Could you set down exactly the lines in the records below between the line holding "期待以上のボリュームと華やか" and the line holding "Participating in SPD", inclusive?

[Saved entries]
____
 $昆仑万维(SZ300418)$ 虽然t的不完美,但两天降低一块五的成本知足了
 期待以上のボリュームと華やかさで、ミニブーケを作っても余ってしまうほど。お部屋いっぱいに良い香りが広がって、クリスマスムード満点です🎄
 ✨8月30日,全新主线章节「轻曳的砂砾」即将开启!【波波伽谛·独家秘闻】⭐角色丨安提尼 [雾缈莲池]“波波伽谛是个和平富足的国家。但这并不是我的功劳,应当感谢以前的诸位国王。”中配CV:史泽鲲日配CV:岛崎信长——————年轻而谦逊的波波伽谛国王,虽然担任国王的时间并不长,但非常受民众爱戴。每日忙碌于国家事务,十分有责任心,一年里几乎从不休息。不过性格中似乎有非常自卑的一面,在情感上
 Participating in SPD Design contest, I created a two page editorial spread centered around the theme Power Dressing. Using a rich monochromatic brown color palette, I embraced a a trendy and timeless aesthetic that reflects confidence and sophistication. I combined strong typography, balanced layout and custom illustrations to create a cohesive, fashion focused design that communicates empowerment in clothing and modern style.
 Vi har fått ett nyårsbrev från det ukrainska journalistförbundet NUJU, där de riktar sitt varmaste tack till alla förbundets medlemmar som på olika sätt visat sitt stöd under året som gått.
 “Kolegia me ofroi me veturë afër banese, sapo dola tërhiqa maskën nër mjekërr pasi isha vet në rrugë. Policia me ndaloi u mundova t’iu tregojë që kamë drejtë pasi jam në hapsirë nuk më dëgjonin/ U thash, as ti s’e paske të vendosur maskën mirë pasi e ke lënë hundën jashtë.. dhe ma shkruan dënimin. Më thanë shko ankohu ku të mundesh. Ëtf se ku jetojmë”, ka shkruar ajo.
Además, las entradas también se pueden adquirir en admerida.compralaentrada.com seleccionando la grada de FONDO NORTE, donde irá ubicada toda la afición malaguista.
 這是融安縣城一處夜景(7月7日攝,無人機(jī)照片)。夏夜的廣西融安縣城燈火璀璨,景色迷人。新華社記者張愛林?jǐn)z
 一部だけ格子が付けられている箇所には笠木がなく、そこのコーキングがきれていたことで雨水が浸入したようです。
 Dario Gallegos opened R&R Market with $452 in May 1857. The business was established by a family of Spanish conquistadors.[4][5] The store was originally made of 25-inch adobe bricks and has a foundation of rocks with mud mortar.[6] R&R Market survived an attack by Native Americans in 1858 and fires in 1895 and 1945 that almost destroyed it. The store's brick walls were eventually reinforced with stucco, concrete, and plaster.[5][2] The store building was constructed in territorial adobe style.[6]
____
» Output for this task:
 期待以上のボリュームと華やかさで、ミニブーケを作っても余ってしまうほど。お部屋いっぱいに良い香りが広がって、クリスマスムード満点です🎄
 ✨8月30日,全新主线章节「轻曳的砂砾」即将开启!【波波伽谛·独家秘闻】⭐角色丨安提尼 [雾缈莲池]“波波伽谛是个和平富足的国家。但这并不是我的功劳,应当感谢以前的诸位国王。”中配CV:史泽鲲日配CV:岛崎信长——————年轻而谦逊的波波伽谛国王,虽然担任国王的时间并不长,但非常受民众爱戴。每日忙碌于国家事务,十分有责任心,一年里几乎从不休息。不过性格中似乎有非常自卑的一面,在情感上
 Participating in SPD Design contest, I created a two page editorial spread centered around the theme Power Dressing. Using a rich monochromatic brown color palette, I embraced a a trendy and timeless aesthetic that reflects confidence and sophistication. I combined strong typography, balanced layout and custom illustrations to create a cohesive, fashion focused design that communicates empowerment in clothing and modern style.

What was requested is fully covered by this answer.